NENGO's target nuclear at expense of the environment

Greenpeace Canada and the Pembina Institute have put their names on; Renewable is Doable: Affordable and flexible options for Ontario's long-term energy plan (LTEP).  The document is primarily about criticizing nuclear generation in Ontario, and presenting, "good reasons for Ontario’s next LTEP to keep the province’s options open and not lock into nuclear."

Renewable is Doable basically presents 2 arguments: we don't need new nuclear, and it would be better to build a "cost-effective, low-carbon energy mix" instead of the new, not needed, nuclear units.

The argument questioning the need for nuclear isn't surprising to me, as 30 months ago I wrote in a submission on an aspect of another LTEP:

The OPA is likely to determine that 8 Bruce units, and 4 Darlington units, will be able to supply 50%, of total electricity generation necessary to meet demand within Ontario, under the demand scenario noted in the Draft Directive...I would suggest the minister revise the wording of the directive to nuclear generation should be targeted to account to meet 50% of Ontario Demand.
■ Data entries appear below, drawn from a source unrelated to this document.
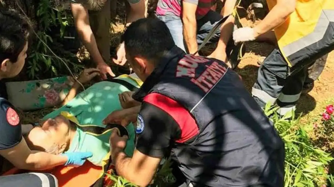 İtfaiye ekipleri vatandaşın ayağını çapa makinesinden kurtardıktan sonra sağlık ekiplerine teslim etti.
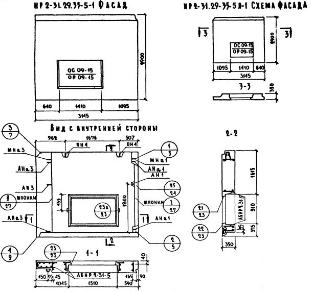 НР2-31.29.35-5-1   Наружная стеновая панель рядовая по Серии 1.132-1.
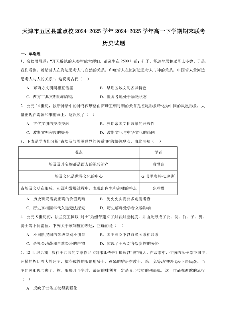 高一历史+答案--天津市五区县重点校2024-2025学年高一下学期7月期末联考试题
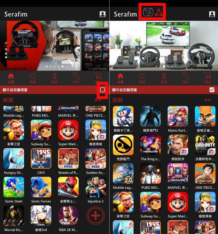 圖:在 Serafim Play 的主頁遊戲列表上方,可看到「顯示自定義視窗」的勾選,啟動後上方會多出一組浮動按鍵。
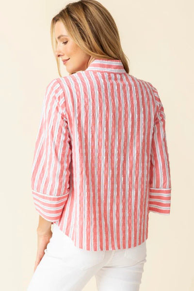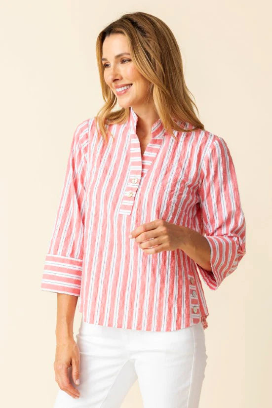 The Habitat Half Placket Pullover has a fresh new silhouette in travel-friendly crinkle cotton/spandex. It features agoya shell button deals, a flattering stand up collar, contrasting stripe cuffs. It has a rounded hem and a slightly longer length at the back.
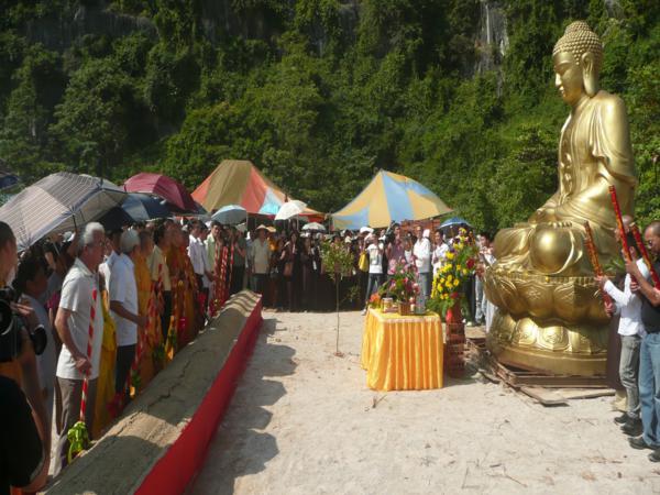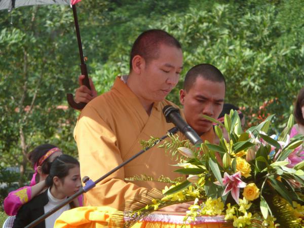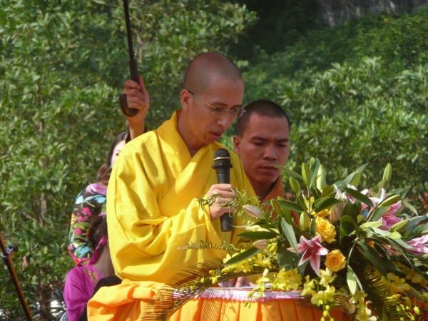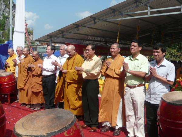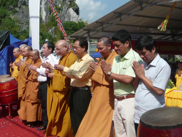 Đúng 9 giờ, sau thời khắc niệm Phật cầu gia hộ, ĐĐ Thích Hiển Thiện – Chánh VP Tỉnh hội PG Quảng Ninh đã tuyên đọc diễn văn khai mạc đại lễ. Tiếp theo, ĐĐ Thích Bản Tường – P. Chánh đại diện Phật giáo Hạ Long, trụ trì bản tự đã tuyên đọc báo cáo, kế hoạch trùng tu xây dựng chùa Lôi Âm Hạ.

Looking back on statistics back to 1990, that is the level above which we become major exporters of electricity
That's a negative aspect of a large nuclear component.

Demand

Greenpeace and Pembina put a lot of emphasis on forecast from the the Ontario Power Authority (OPA) and the Independent Electricity System Operator (IESO) - particularly ones that required freedom of information requests to acquire.  Having worked with historical data from a number of sources,tracked the demand trends as best as possible, and reviewed past forecasts, I don't have much interest in the forecasts of either entity.

The IESO has some hard historical data on their site, and I've charted some summary data combining data for metered usage before the market opened in May 2002 with market Ontario demand data from that point forward. [1]

Annual demand has been ~142 TWh (million megawatt-hours) since 2009 and peak summer demand ~25,000MW since 2008.

From 2005 through 2009 the drop in both demand and peak demand came primarily from the wholesale sector - likely due to an industrial sector and driven by the rapid increase in rates from 2002-2005, and an increasing value to the Canadian dollar. 
In recent years changes have been make to the global adjustment scheme to give large wholesale customers the opportunity to lower rates - likely producing an incentive to run generators during peak demand hours instead of consuming power off of the grid.

Failing convincing arguments on why demand would change, the safest assumption is that it won't - up or down - regardless of statements from lettered organizations (or people).

In terms of planning supply for the next decades, the peak figure is as important as annual consumption, and it is not decreasing recently; it's been around 25,000 megawatts for over a decade, and if there was competency in reporting solar generation, it would probably show the actual peak demand was well above that in July 2013. [2]

Conservation

Chapter 1 in 'Renewable is doable' is "Putting conservation first in the long-term energy plan."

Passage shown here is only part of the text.